Gambler’s Ruin in finite time - solve by Markov chains? Consider the Gambler's Ruin Problem: an infinite Markov process of steps with binary outcomes of plus or minus, each of equal probability.  At each step of the process there may be a play of the game.
At each play of the game starting with step 1, the gambler's initial fortune, B, increases by one unit with probability 1/2 or decreases by one unit with probability 1/2. The game ends at step N or sooner (after fewer plays) if the gambler's profit first reaches a Target of +A or a Ruin (total loss) of -B units anytime during the process (which continues beyond N steps).
There are three profit outcomes after step N: 
-B, +A, or Neither. 
Ruin is defined by profit reaching -B for the first time during N plays without first reaching +A. 
Success is defined by profit reaching +A for the first time during N plays without first reaching -B. 
Problem: What is the probability of a. Ruin or b. Success or c. Neither, in terms of A, B, N?
I cannot solve this except by path-counting.  Can a.,b.,c. be solved in a closed form by Markov chains?
This problem is also called a random walk of a particle in finite time with two absorbing barriers.

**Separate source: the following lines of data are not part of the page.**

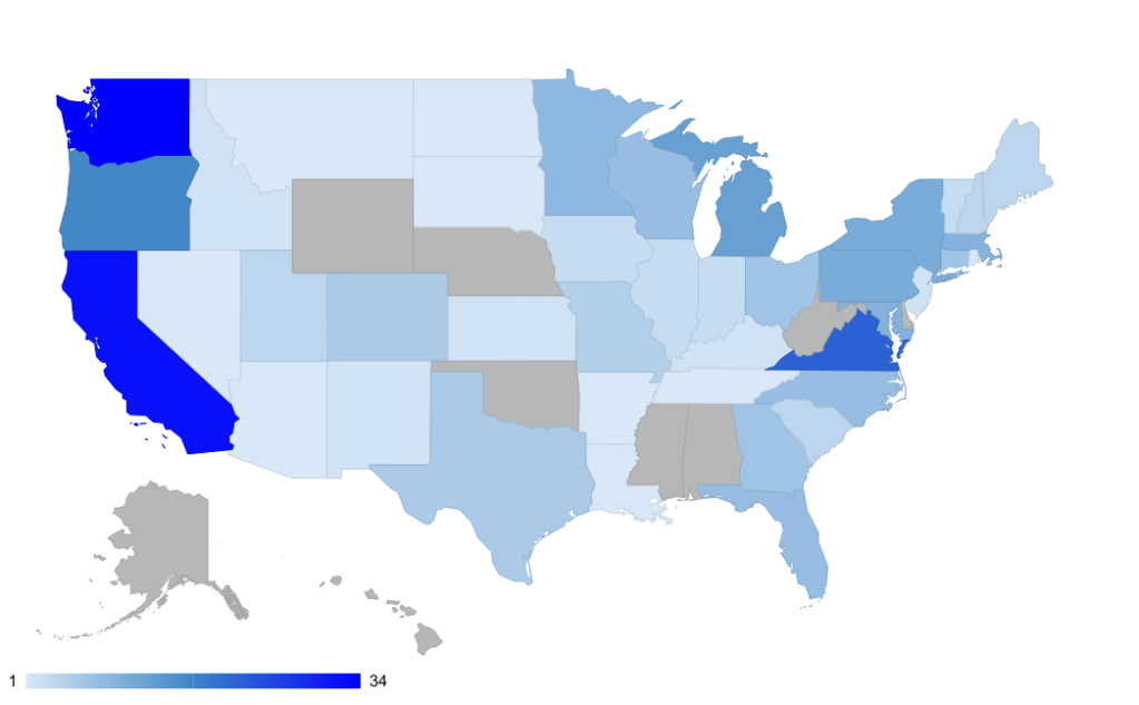 - 42 states (including D.C.)
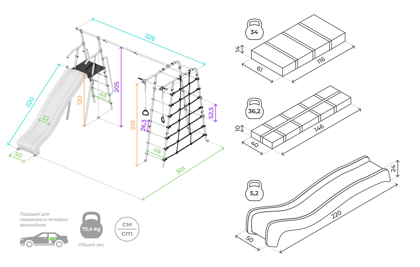 Металлический каркас (турник, рукоход, лестница) — до 100 кг
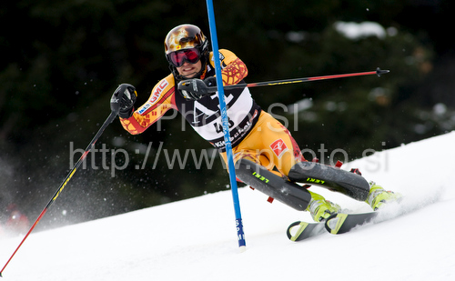 : Trevor White (CAN) attacks a control gate while competing in the mens Hahnenkamm slalom race part of the 70th Hahnenkamm Rennen race weekend, which is a fixture on the 2009/10 Audi FIS Alpine Skiing World Cup. Slalom race of men Audi FIS Alpine skiing World cup was held in Kitzbuhel, Austria, on 24th of January 2010.
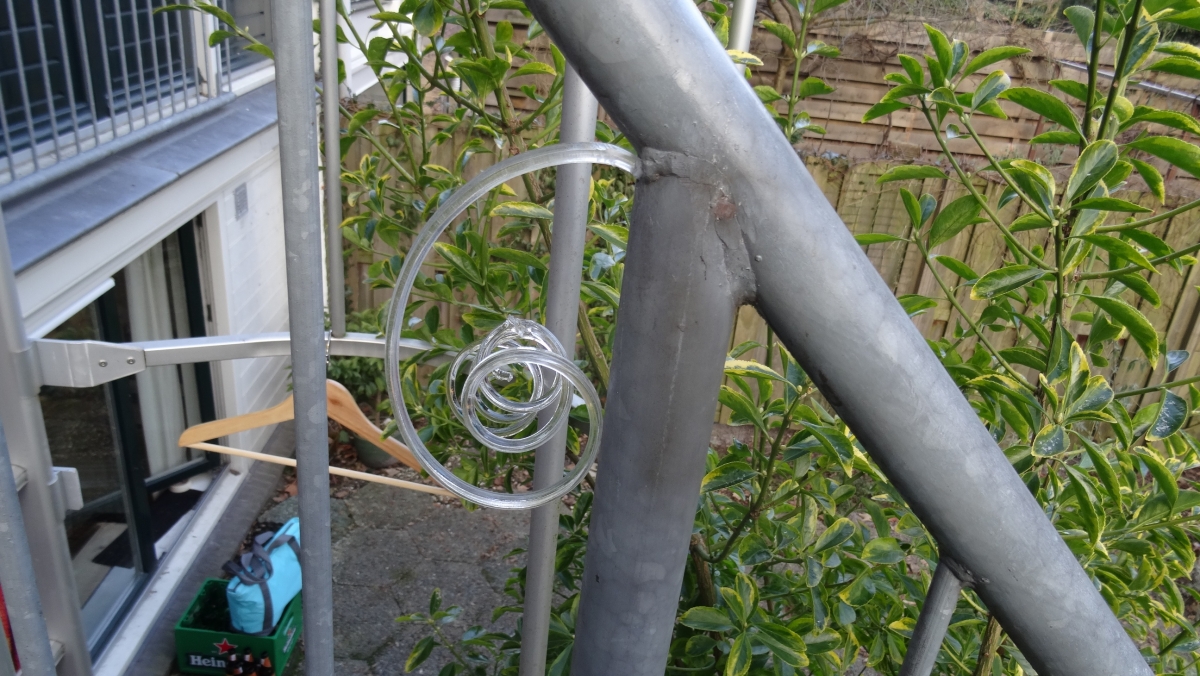 aan een zinken trapleuning zijn een paar bijzondere "ijspegels"ontstaan.
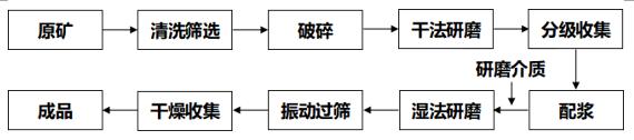 將原礦經洗選后兩段破碎至400目左右,配制成一定濃度的漿液,加入研磨助劑,給入立式研磨機,以氧化鋯珠作為研磨介質,通過調整磨機各項參數控制出料細度,物料經磨細后以漿料形式排出,經干燥除塵后收集而成。
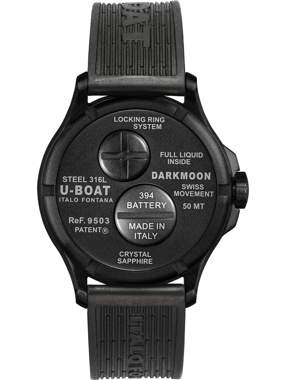 Het U-Boat 9503 donkermoongroen PVD Soleil herenhorloge met een diameter van 40 mm is een modern en sportief polshorloge met een groene wijzerplaat, mat zwarte kast en rubberen band, uitgerust met een batterij (quartz) uurwerk en Swiss made Ronda 762 beweging.
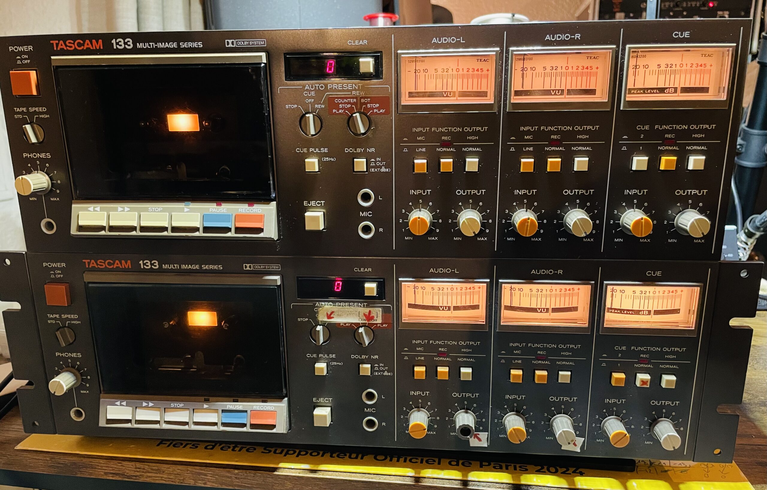 magnétophone à bande OTARI MX5050: inversion des brochages 2 et 3 sur toutes les entrées et sorties, remplacement de la courroie du moteur principal, remplacement des condensateurs chimiques, remplacement lampes vu-mètres et lampes bouton, nettoyage démagnétisation et réglage des têtes magnétiques, nettoyage général, pose d’une nouvelle bobine, nouvelle bande RTM SM900, calibration générale.
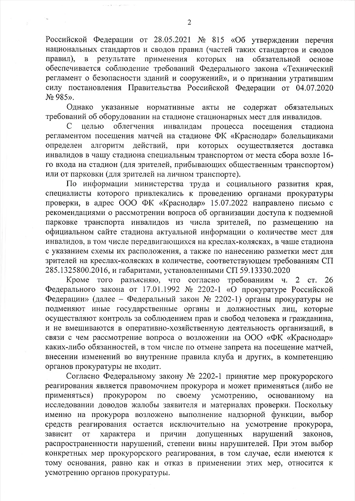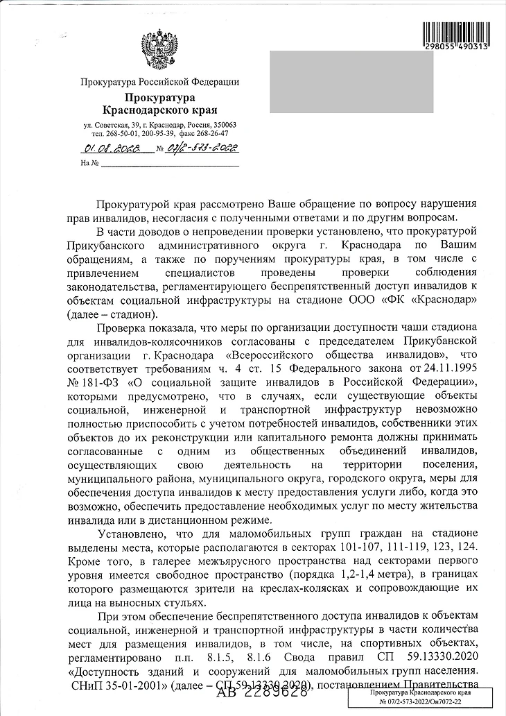 Колясочники зарегистрировали обращение в Генпрокуратуре РФ о нарушениях в деятельности ФК «Краснодар»
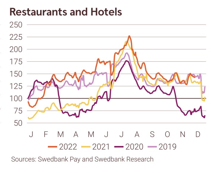 Konsumtionen på restauranger och hotell när Sverige nu har den första julperiodens sedan 2019 utan restriktioner, visar Swedbanks Macrodata som bygger på faktiska korttransaktioner de senaste fyra veckorna (till 10 december). Konsumtionen ligger på nivåer motsvarande 2019. Samtidigt sjunker den totala konsumtionen till nivåer som motsvarar hösten 2020.
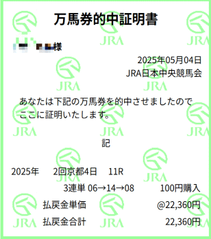 皐月賞的中!相方が。。二馬予想では3連複でしたが3連単買ったそうです
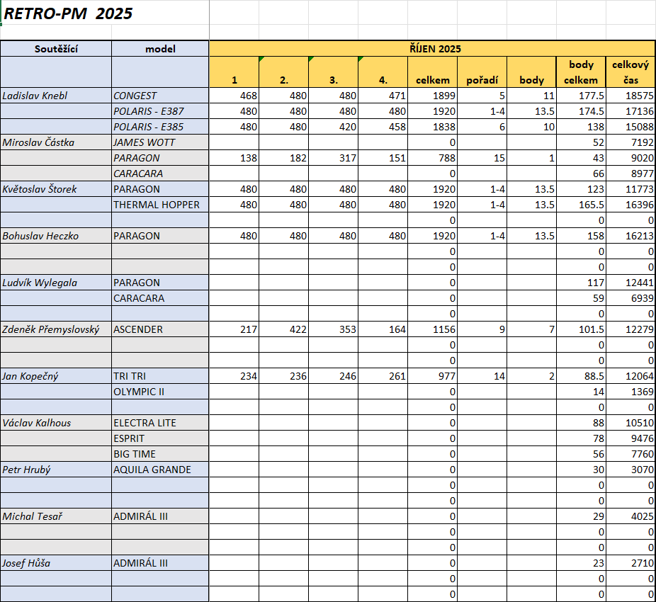 V říjnu se spolu utkalo 15 modelů což vzhledem k počasí a krátícímu se dni lze uznat za slušnou účast. Gratuluji soutěžícím , kteří trefili dobré podmínky a nalétali plný počet bodů. V tomto měsíci se to podařilo čtyřem modelům , což je skvělý úspěch. Všem bez rozdílu děkuji za posílání výsledků a podělení se o dojmy z létání.

 A: Would leave as comment, but too long:
Since each path corresponds to a 0-1 bit string on Length $N$, you must implicitly compute the sum of binomial coefficients to determine your final probabilities. I think this is what you are already doing (my interpretation of path counting?). Unfortunately, summing binomial coefficients is infeasible for large values of $N$, so this is the best you are going to be able to do. For large $N$, Determining exact values for the sum of binomial coefficients is not possible (It would make my research a lot easier if it was :)), we only know of good approximations (again, this is assuming N is very large, otherwise you can just sum up the binomial coefficients you're interested in via some math program). Depending on the relationship between $N$ $B$ and $A$, you may be able to find asymptotically tight bounds for the desired probabilities. I would recommend checking out Stirling's approximation, Entropy bounds for binomial coefficients, and related literature. This may be a useful resource if you are interested in the "large N" regime.
EDIT: As a side note, this does not become feasible even when the probability of win/loss is not 1/2. In this regime, you can still get useful bounds using KL-Divergence based estimates of binomial coefficients. This generalizes the entropy bounds mentioned earlier (See this math stack post if you are interested).